Figure 8.2: Conditional density and empirical logit plots of the binary model response (foul called on home or visitor) vs. the three continuous Level One covariates (foul differential, score differential, and time remaining). The dark shading in a conditional density plot shows the proportion of fouls called on the home team for a fixed value of (a) foul differential, (b) score differential, and (c) time remaining.
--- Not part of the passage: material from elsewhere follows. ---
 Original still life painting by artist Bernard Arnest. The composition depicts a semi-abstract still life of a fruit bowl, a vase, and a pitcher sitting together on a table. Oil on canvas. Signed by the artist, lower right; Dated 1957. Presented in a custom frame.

In empirical logit plots, estimated log odds of a home team foul are calculated for each distinct foul (d) and score (e) differential, except for differentials at the high and low extremes with insufficient data; for time (f), estimated log odds are calculated for two-minute time intervals and plotted against the midpoints of those intervals.
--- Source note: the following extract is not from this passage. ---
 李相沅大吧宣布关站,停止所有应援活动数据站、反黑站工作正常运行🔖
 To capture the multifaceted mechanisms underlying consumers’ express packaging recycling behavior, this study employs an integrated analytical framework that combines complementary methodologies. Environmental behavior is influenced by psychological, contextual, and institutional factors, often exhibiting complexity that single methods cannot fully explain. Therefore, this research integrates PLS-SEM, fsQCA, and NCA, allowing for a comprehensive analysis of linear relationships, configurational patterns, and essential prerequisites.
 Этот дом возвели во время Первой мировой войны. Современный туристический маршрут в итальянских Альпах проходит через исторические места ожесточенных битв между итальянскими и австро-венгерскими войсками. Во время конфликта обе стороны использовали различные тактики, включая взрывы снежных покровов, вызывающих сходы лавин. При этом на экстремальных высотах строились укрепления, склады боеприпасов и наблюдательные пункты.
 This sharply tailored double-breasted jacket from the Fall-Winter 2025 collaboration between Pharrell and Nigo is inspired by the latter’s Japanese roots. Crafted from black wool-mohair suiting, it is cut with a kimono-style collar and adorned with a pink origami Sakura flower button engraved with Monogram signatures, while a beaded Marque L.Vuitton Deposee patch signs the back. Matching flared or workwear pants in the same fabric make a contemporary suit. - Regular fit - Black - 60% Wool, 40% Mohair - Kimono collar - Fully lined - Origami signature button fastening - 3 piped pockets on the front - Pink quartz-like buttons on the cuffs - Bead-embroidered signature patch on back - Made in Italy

Figure (a) provides support for our primary hypothesis about evening out foul calls, indicating a very strong trend for fouls to be more often called on the home team at points in the game when more fouls had previously been called on the visiting team.

Figures (b) and (c) then show that fouls were somewhat more likely to be called on the home team when the home team’s lead was greater and (very slightly) later in the half.

Conclusions from the conditional density plots in Figures (a)-(c) are supported with associated empirical logit plots in Figures (d)-(f). If a logistic link function is appropriate, these plots should be linear, and the stronger the linear association, the more promising the predictor.

We see in Figure (d) further confirmation of our primary hypothesis, with lower log-odds of a foul called on the home team associated with a greater number of previous fouls the home team had accumulated compared to the visiting team.

Figure (e) shows that game score may play a role in foul trends, as the log-odds of a foul on the home team grows as the home team accumulates a bigger lead on the scoreboard.

Figure (f) shows a very slight tendency for greater log-odds of a foul called on the home team as the half proceeds (since points on the right are closer to the beginning of the game).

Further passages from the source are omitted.